This page contains some useful Unix, awk, and PLINK commands as well as information on text editors and working with gzipped files and tar directory archives. This page is not intended to be a complete documentation for these tools. Rather, the examples listed below are the minimum amount of knowledge needed to effectively use this pipeline.
A more complete guide to working in a unix environment is available here. Also try man <comand> (e.g. man mkdir) to get a manpage directly on the terminal
Determine the current directory:
pwd
Changing the Working Directory:
cd my_rp_out/
To create a directory:
mkdir my_new_directory/
To remove a directory (including its subdirectories):
rm -r my_new_directory/
Note: Be careful when using rm! Recovering directories and files in the event of accidental deletion may not be possible.
Use the cat command to show the content of a file:
cat my_data
Use the echo command:
echo "Hello World"
Text/Data coming out of a program.
To transfer text stored in stdout to another command as stdin, use a pipe "|":
cat my_data | wc -l
To save text stored in stdout to a file, use a carrot ">":
cat my_data > my.output
To append text stored in stdout to the end of an existing (or new) file, use a double carrot ">>":
cat my_data2 >> my.output
wc -l my.output
head -n 5 my.output
tail -n 5 my.output
sort -k5,5 my.output
uniq -c my.output
To extract all lines from an uncompressed file that match a string:
grep "my.search.text" my_data
*** grep is a very powerful tool, it's probably highly useful to get deeper insights into this classic unix program.
Take an input text file, search for all lines that match "cas_", and then count the number of lines that matched "cas_"
grep "cas_" my_data | wc -l
Awk is a complex programming language, that can be used as a simple one-line tool for modifying text files quickly. For more information, see here. here some examples.
For example, with the following command, we can extract columns 1,5,6,10 and print them to a new file
awk '{ print $1,$5,$6,$10 }' my_data > my_condensed_data
For example, with the following command, we print first column 2 from the original file, and then column 1 from the original file
awk '{ print $2,$1 }' my_data > my_rearranged_data
awk '{ print NF }' my_data | sort -k1,1n | uniq -c
awk '{OFS="\t"};{print $0}' my_data > my_data_w_tabs
For example, with the following command, for each row in the file my_data, we check whether the number of columns equals 9 and column 1 equals 2 before printing that row to a new file my_passing_data.

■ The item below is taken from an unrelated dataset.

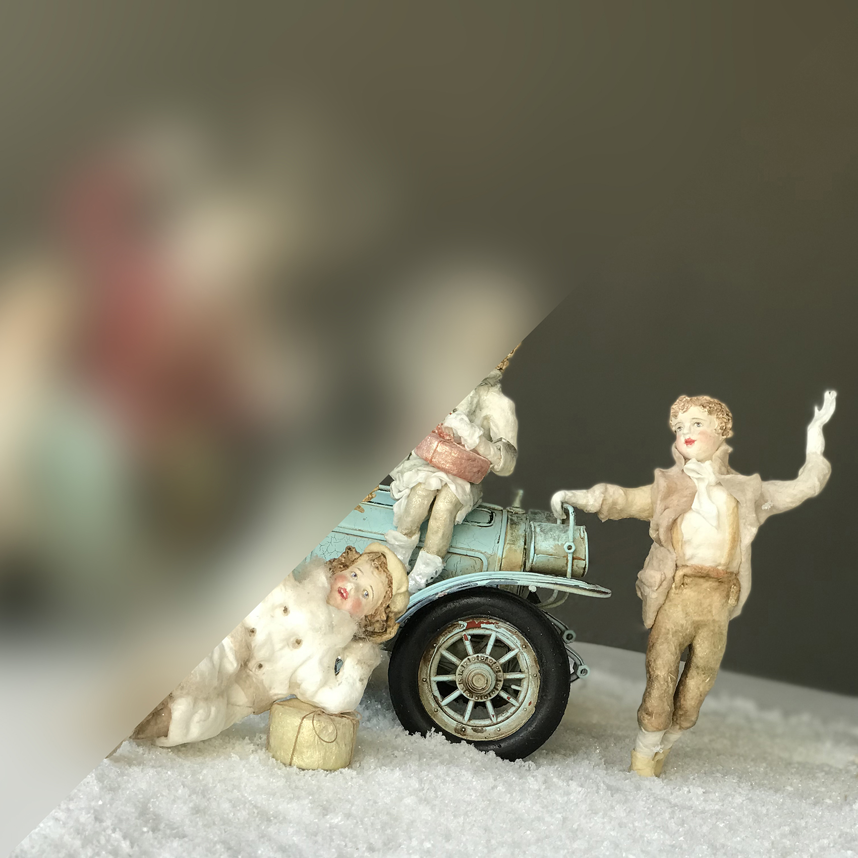Princess Leila wears a celestial cotton costume, her flowing gown displaying delicate cornflower patterns that swirl gracefully around her. In addition, a shimmering gold frill collar frames her regal neckline, catching the soft glow of the holiday lights. Also, her clay face, gentle and serene, reflects the twinkling lights of the room.

awk '{ if (NF == 9 && $1 == 2) print $0 }' my_data > my_passing_data
PLINK is a genetics software tool created by Shaun Purcell. The full documentation for PLINK is here. We will only go over a couple of data management commands.
be aware that there is a newer and much quicker version of plink ready. please use carefully since it's still in the developement state: plink2. (link)
A binary PLINK file consists of three files ending in .fam, .bim, and .bed.
A .fam file consists of 6 columns where each row describes one sample: a Family ID (FID), an Individual ID (IID), a Maternal ID (MID), a Paternal ID (PID), a code for the gender of the sample (1=Male,2=Female,-9=Unknown), and a code for the phenotype (1=Control, 2=Case, -9=Unknown).
A .bim file consists of 6 columns where each row describes one SNP: chromosome number, SNP ID, genetic distance (usually 0), chromosomal position (in base pairs), allele 1, and allele 2.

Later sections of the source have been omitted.